Pine is an evergreen shrub that is wild in the foothills and mountains of Korea. Pines include red pine (赤松, Korean or Japanese red pine, Pinus densiflora ), red pine (紅松, Pinus koraiensis ), sea pine (海松, Korean or Japanese black pine, Pinus thunbergii ), Rigida ( Pinus rigida ), white pine ( Pinus bungeana ) , Pinus koraiensis Sieb. Et Zucc ., Pinus parviflora , Pinus pumila , Dahurian Larz. Dahurian Larch.Pinus tabulaeformis carr , Pinus massoniana Lamb , Cedrus deodara (Roxb. Loud), P. Pinus pumila (pull) Regel, Pinus YunnanensisFranch , Japanese black pine, and the like.

Leaves, berries, rosin, etc. of the pine have been used for the prevention or treatment of adult diseases for a long time. According to the agreement, pine needles are effective in gastrointestinal diseases, high blood pressure, stroke, neuralgia, asthma, and even in folk remedies, soaked pine needles, pine needle juice, or pine needles in honey are cold, high blood pressure, arteriosclerosis, and stroke. Used.

Attempts have been actively made to develop extracts of pines with excellent physiological effects as functional foods or therapeutic agents, such as chloroform to remove bitterness of pine needle extract in Korean Patent No. 95-2780. Tea extraction, secondary extraction with ethanol and the like and a functional food containing the pine needle extract has been disclosed. In Korean Patent No. 95-7720, the soap composition containing the pine needle component, The method of using pine extract as a hair loss prevention and hair growth promoting agent by using the vasodilating effect of essential oil which is pine extract in 96-40346, and prevent hypertension containing water or alcohol extract of pine needles in Korean Patent Publication No. 00-33329 and Therapeutic composition, Korean Patent Laid-Open Publication No. 01-49156 to treat diseases such as water or alcohol extracts and hypertension in pine needles Has been disclosed with regard to use. In addition, Korean Patent No. 01-280368 discloses a natural flavor component isolated from the bark of pines.

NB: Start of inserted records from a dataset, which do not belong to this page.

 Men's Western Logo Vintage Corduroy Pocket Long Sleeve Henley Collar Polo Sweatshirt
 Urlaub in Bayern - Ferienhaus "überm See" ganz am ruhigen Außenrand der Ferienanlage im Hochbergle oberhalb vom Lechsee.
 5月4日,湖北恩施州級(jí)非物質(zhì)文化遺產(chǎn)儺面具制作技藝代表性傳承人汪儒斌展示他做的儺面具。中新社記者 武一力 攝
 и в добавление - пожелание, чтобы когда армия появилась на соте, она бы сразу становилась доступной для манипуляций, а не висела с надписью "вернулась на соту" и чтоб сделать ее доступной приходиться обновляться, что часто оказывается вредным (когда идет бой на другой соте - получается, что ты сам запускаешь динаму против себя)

However, it has not been disclosed that pine bark or pine needle extract has a hypoglycemic effect by inhibiting the action of alpha-glucosidase.

In addition, up to now it was extracted by using a lower alcohol such as ethanol to pine bark or pine needles or by heating by adding water, but the method of extracting by adjusting the pH at room temperature by adding water is not disclosed.

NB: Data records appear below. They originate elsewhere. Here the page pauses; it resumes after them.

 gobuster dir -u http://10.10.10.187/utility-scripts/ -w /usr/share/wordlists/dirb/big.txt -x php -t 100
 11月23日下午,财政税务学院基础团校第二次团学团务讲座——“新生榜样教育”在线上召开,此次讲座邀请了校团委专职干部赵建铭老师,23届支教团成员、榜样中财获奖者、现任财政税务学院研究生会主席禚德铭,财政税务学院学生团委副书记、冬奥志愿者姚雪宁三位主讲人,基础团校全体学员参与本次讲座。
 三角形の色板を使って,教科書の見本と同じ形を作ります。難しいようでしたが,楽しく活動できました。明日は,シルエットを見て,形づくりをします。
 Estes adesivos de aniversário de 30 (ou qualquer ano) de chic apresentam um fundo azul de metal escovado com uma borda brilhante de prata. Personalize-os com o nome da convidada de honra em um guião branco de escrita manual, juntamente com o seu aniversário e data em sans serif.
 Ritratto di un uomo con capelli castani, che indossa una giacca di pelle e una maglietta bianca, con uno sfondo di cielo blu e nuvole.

Carbohydrates contained in food are broken down into monosaccharides such as glucose by the action of various alpha-glucosidases such as alpha-amylase, isomaltase, glucoamylase, and sucrase. Is absorbed. Therefore, inhibiting the action of these alpha-glucosidase, carbohydrates are not broken down into monosaccharides, so they are not absorbed into the blood. Therefore, a sudden rise in the glucose concentration in the blood caused by carbohydrate intake is suppressed.

Therefore, many studies have been made on inhibitors of the action of alpha-glucosidase enzymes essential for carbohydrate metabolism for the purpose of controlling blood glucose lowering. As a result, oligostatin (oligostatin, Itoh, J. et al. J.Antibiotics, 1981, 34. 1424), trestatin (trestatin, Yokose, K. et al. J. Antibiotics, 1983, 36. 1157) obtained from the culture of soil actinomycetes. In 1977, Bayer, Germany, discovered acarbose (acarbose, Schmidt, DD, etc., Naturwis senschaften, 1977, 64.535) and developed it to treat diabetes and obesity. In addition, we are currently conducting clinical trials on valoliolamine in pharmaceuticals in Japan and miglitol, a deoxynojirimycin derivative in Bayer, Germany (Foelsch, UR et al., Structrue and Function of the small intestine; Caspyry, WF ed.p310-318.Excerptamedica, Amsterdam, 1987).

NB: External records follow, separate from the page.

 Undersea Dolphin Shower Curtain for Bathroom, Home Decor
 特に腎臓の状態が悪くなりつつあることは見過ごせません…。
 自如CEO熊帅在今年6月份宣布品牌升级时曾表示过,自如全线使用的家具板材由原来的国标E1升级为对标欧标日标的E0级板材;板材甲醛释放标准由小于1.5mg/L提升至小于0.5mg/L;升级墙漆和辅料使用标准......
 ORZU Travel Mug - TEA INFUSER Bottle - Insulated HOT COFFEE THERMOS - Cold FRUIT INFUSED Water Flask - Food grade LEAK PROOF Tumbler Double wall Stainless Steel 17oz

To date, many types of diabetes treatments have been developed and development is underway, but no satisfactory treatment method or drug has been developed. In the conventional treatment method, insulin is directly administered to insulin-dependent patients or sulfonylurea derivatives are administered to insulin-independent patients to control the concentration of glucose in the blood. However, insulin can cause side effects such as allergic reactions, and since it is destroyed in the digestive tract before reaching the blood flow, it cannot be administered orally, so it is used only as an injection, so it is repeated injection in patients who need regular injection for a long time. It has a problem causing edema of the skin. In addition, sulfonyl urea-based drugs such as tolbutamide and gliquidone may cause hypoglycemia when used in combination with chloramphenicol, β-blockers, and sulfa agents, and biguanides such as metformin. (biguanide) -based drugs have problems that cause excessive lactic acid when used in combination with alcohol.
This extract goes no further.